*** Records for the exercise Section Begins ***

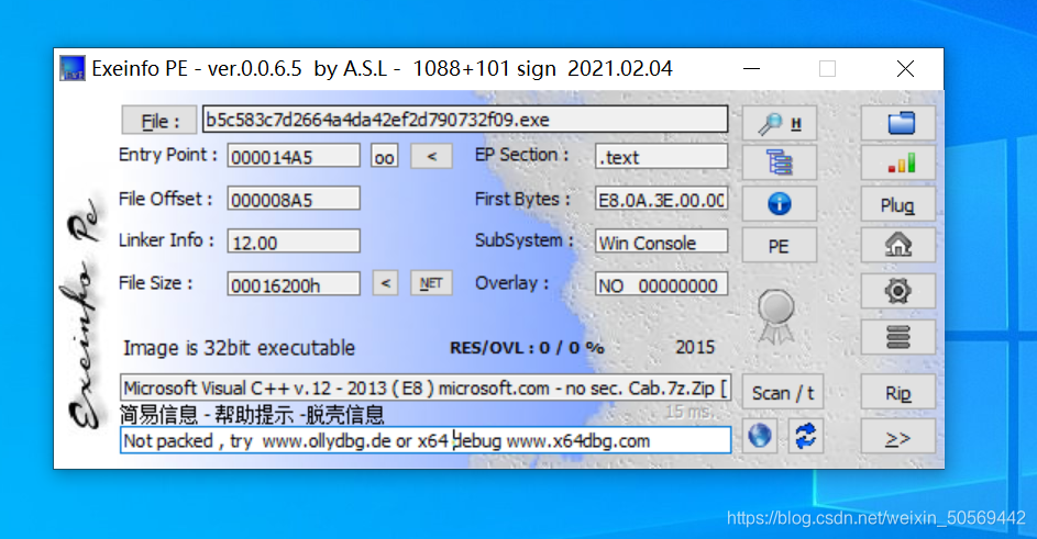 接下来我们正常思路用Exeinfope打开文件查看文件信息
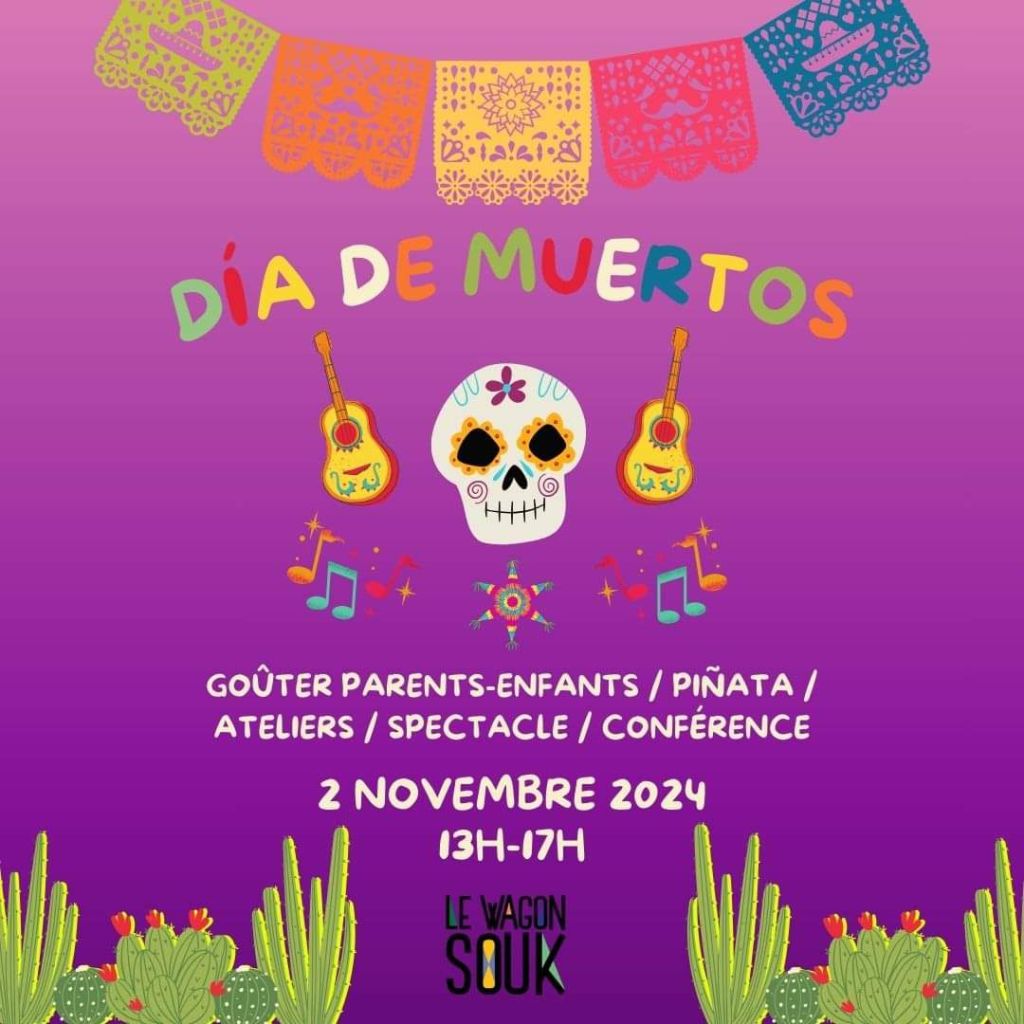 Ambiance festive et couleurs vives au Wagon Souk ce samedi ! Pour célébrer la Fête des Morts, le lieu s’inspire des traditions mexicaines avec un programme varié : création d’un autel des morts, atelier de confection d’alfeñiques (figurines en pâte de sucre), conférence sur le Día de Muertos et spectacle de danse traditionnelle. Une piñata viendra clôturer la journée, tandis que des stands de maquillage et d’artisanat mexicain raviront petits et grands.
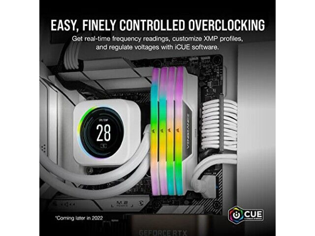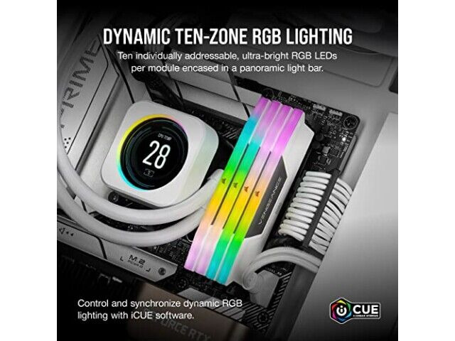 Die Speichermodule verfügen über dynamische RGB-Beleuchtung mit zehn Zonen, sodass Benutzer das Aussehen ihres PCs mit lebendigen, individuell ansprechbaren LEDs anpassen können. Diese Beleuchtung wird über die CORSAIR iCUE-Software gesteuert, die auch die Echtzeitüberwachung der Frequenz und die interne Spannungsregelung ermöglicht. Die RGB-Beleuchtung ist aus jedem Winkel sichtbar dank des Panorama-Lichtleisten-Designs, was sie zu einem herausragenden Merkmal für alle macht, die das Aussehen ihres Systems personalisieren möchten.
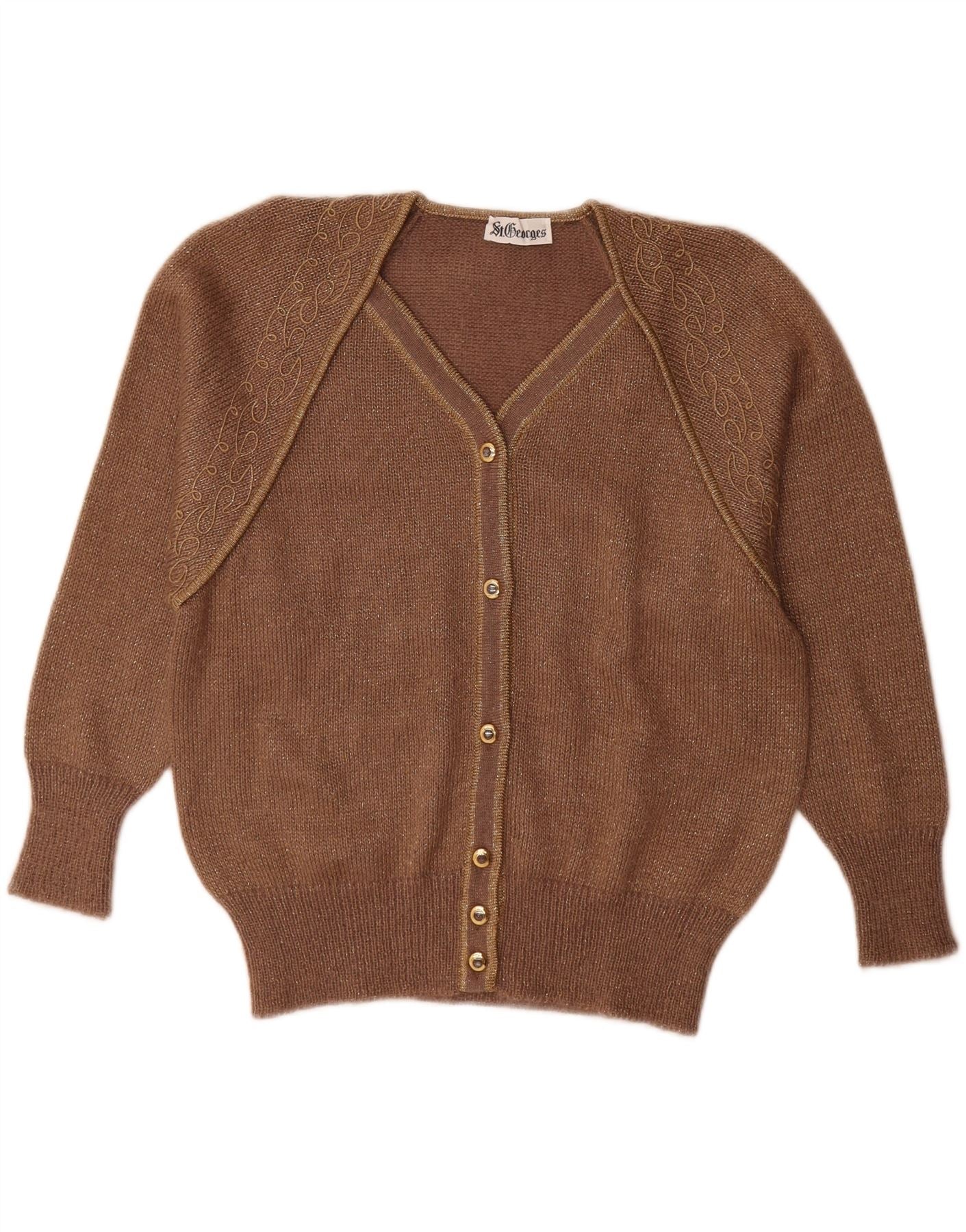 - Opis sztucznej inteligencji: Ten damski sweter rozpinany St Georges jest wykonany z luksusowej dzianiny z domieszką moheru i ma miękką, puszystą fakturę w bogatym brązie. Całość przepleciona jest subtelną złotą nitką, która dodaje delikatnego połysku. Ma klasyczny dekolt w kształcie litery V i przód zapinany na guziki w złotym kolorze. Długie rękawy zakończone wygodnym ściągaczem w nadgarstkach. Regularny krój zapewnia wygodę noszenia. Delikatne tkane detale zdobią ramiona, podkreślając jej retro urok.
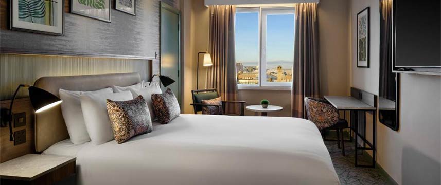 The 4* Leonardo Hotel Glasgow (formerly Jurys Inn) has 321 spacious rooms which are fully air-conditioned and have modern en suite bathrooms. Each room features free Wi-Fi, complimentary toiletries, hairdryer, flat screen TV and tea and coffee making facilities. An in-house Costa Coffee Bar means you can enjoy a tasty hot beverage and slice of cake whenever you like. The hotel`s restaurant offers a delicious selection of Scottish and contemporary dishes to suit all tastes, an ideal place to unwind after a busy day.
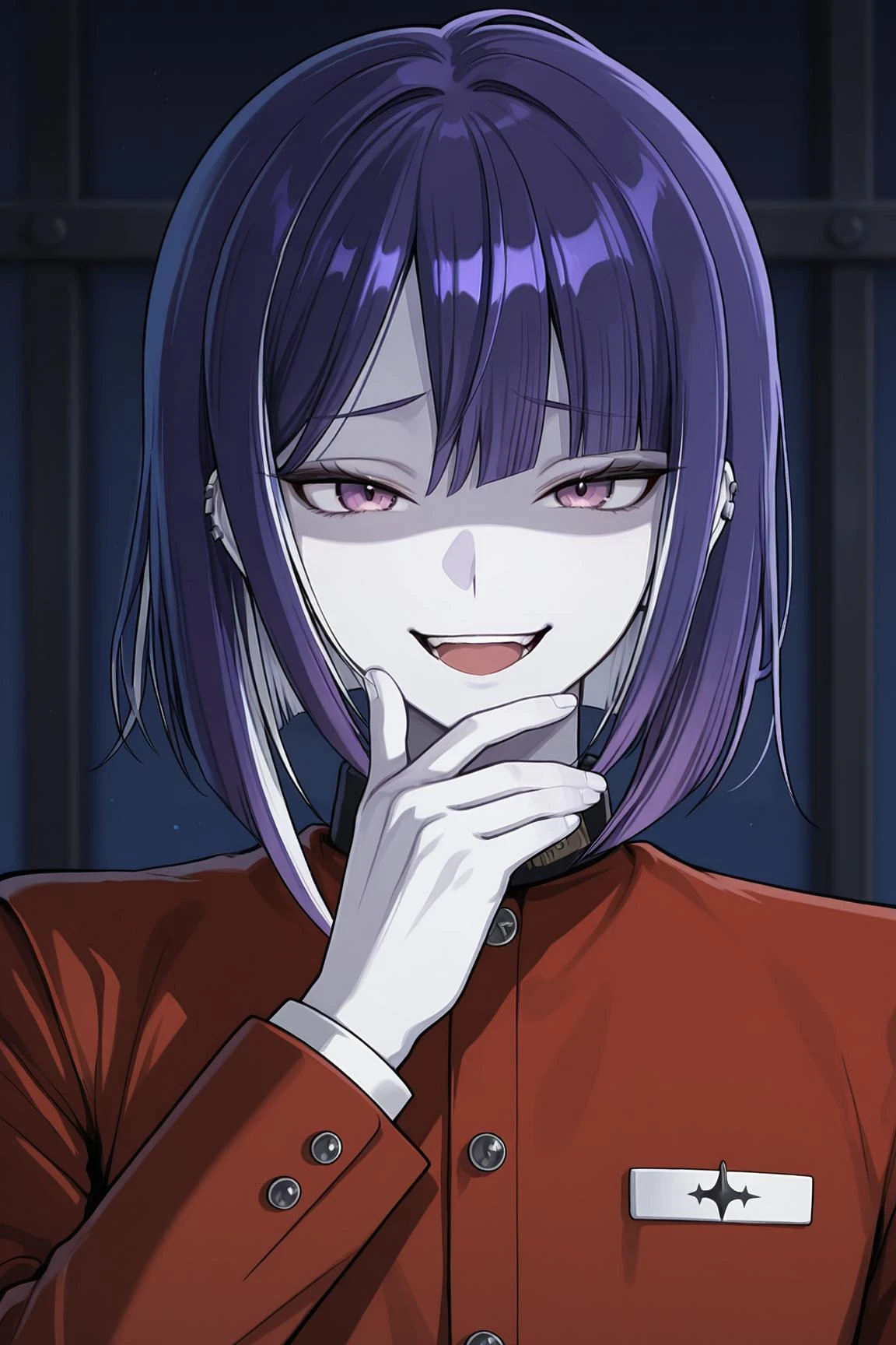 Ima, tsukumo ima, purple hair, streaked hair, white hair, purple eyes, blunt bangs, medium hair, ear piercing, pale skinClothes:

*** Records for the exercise Section Ends ***

What to produce
Copy each line above exactly. Images do not belong in the copy.

Response to the task
 接下来我们正常思路用Exeinfope打开文件查看文件信息
 Ambiance festive et couleurs vives au Wagon Souk ce samedi ! Pour célébrer la Fête des Morts, le lieu s’inspire des traditions mexicaines avec un programme varié : création d’un autel des morts, atelier de confection d’alfeñiques (figurines en pâte de sucre), conférence sur le Día de Muertos et spectacle de danse traditionnelle. Une piñata viendra clôturer la journée, tandis que des stands de maquillage et d’artisanat mexicain raviront petits et grands.
 Die Speichermodule verfügen über dynamische RGB-Beleuchtung mit zehn Zonen, sodass Benutzer das Aussehen ihres PCs mit lebendigen, individuell ansprechbaren LEDs anpassen können. Diese Beleuchtung wird über die CORSAIR iCUE-Software gesteuert, die auch die Echtzeitüberwachung der Frequenz und die interne Spannungsregelung ermöglicht. Die RGB-Beleuchtung ist aus jedem Winkel sichtbar dank des Panorama-Lichtleisten-Designs, was sie zu einem herausragenden Merkmal für alle macht, die das Aussehen ihres Systems personalisieren möchten.
 - Opis sztucznej inteligencji: Ten damski sweter rozpinany St Georges jest wykonany z luksusowej dzianiny z domieszką moheru i ma miękką, puszystą fakturę w bogatym brązie. Całość przepleciona jest subtelną złotą nitką, która dodaje delikatnego połysku. Ma klasyczny dekolt w kształcie litery V i przód zapinany na guziki w złotym kolorze. Długie rękawy zakończone wygodnym ściągaczem w nadgarstkach. Regularny krój zapewnia wygodę noszenia. Delikatne tkane detale zdobią ramiona, podkreślając jej retro urok.
 The 4* Leonardo Hotel Glasgow (formerly Jurys Inn) has 321 spacious rooms which are fully air-conditioned and have modern en suite bathrooms. Each room features free Wi-Fi, complimentary toiletries, hairdryer, flat screen TV and tea and coffee making facilities. An in-house Costa Coffee Bar means you can enjoy a tasty hot beverage and slice of cake whenever you like. The hotel`s restaurant offers a delicious selection of Scottish and contemporary dishes to suit all tastes, an ideal place to unwind after a busy day.
 Ima, tsukumo ima, purple hair, streaked hair, white hair, purple eyes, blunt bangs, medium hair, ear piercing, pale skinClothes:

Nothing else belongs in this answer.